Education Programs for the Syrian Refugee Population and Syrian Safe Zones
Major university put forward a new proposal to educate hundreds of thousands of Syrian refugees now in Turkey
WASHINGTON, June 15, 2017 – During an event held on Capitol Hill on June 14, BAU International University, a Washington, DC-based educational institution part of BAU Global, an international network of universities, introduced an ambitious and comprehensive proposal called “SAVING THE FUTURE” aimed at educating hundreds of thousands of Syrian refugees now located in Turkey.
Speaking to a large audience of congressional staffers, experts and media, Dr. Sinem Vatanartiran, President of BAU International University, and Dr. Walid Phares, Vice President of BAU, outlined a major project aimed at training teachers who will, in turn, educate Syrian refugees in Turkey.
Mr. Enver Yucel, BAU Global Chairman, welcomed the large audience pointing out that it is urgent to educate Syrian refugees so that they shall become productive people. BAU Vice President Phares introduced the presentation linking the diplomatic efforts to put an end to the conflicts in the region with the imperative of providing education services to the young refugees now in Turkey, Jordan and Lebanon.
As Dr. Vatanartiran pointed out, the war in Syria that started in 2011 caused a humanitarian catastrophe of historic proportions. Over 400,000 people have been killed, more than 50,000 of them children. There are more than 13.5 million displaced Syrians in need. 8.4 million children have been affected by the war. Most of them cannot get any education. Over 5 million people have fled Syria since 2011 on account of this devastating conflict.
Turkey now hosts over 3 million Syrian refugees –Vatanartiran continued– while Jordan hosts more than 600,000, and Lebanon has more than 1 million. Beyond the most immediate humanitarian needs, (shelter, food, and medical care), hundreds of thousands of Syrian children, now refugees, are unable to attend regular schools. Neglecting this critical dimension means condemning almost all of them to a hopeless future of ignorance and joblessness.
The Turkish government has tried its best to fulfill this huge education need. This daunting task, (lack of enough schools and classrooms in many areas), is made more difficult by language barriers: the Syrian children do not speak any Turkish, while very few Turks speak Arabic. However, public efforts notwithstanding, there is still a huge gap between needs and education services provided.
As Dr. Vatanartiran explained, aware of this mounting crisis, BAU University stepped in, with the goal of using its considerable resources and expertise to deal with this enormous demand for education services. Through its Center for Migration and Urban Studies (BAUMUS) and other affiliated University departments, BAU University executed various programs aimed at providing education to the Syrian refugees. One of these programs was funded via a $ 200,000 grant provided by the U.S. Government.
Based on its vast experience to date, BAU University elaborated the new plan that was presented on Capitol Hill on June 15. This comprehensive “SAVING THE FUTURE” project has already got the attention of many U.S. lawmakers.
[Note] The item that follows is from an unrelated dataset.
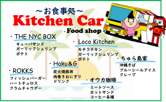 いろいろなジャンルのキッチンカーも登場!! 腹ごしらえして、ゆっくりイベントを楽しめますね。広い公園の芝生が気持ちいい!

The project consists of three pillars:
- Integrating School Age Syrian Children into the Local Curriculum
- Teacher Training
- Lifelong Learning & Civic Education
BAU International University and its various higher education affiliates linked together under the BAU Global umbrella have the depth of expertise and the staff resources to implement this ambitious plan. Working with the U.S. Congress, BAU International University hopes to broaden the degree of support for this education program so that a bigger, scalable effort will be put in place as soon as possible.
As Mr. Yucel pointed out, it is urgent to intervene now in order to save an entire generation of young refugees otherwise condemned to marginalization that leads only to poverty and despair.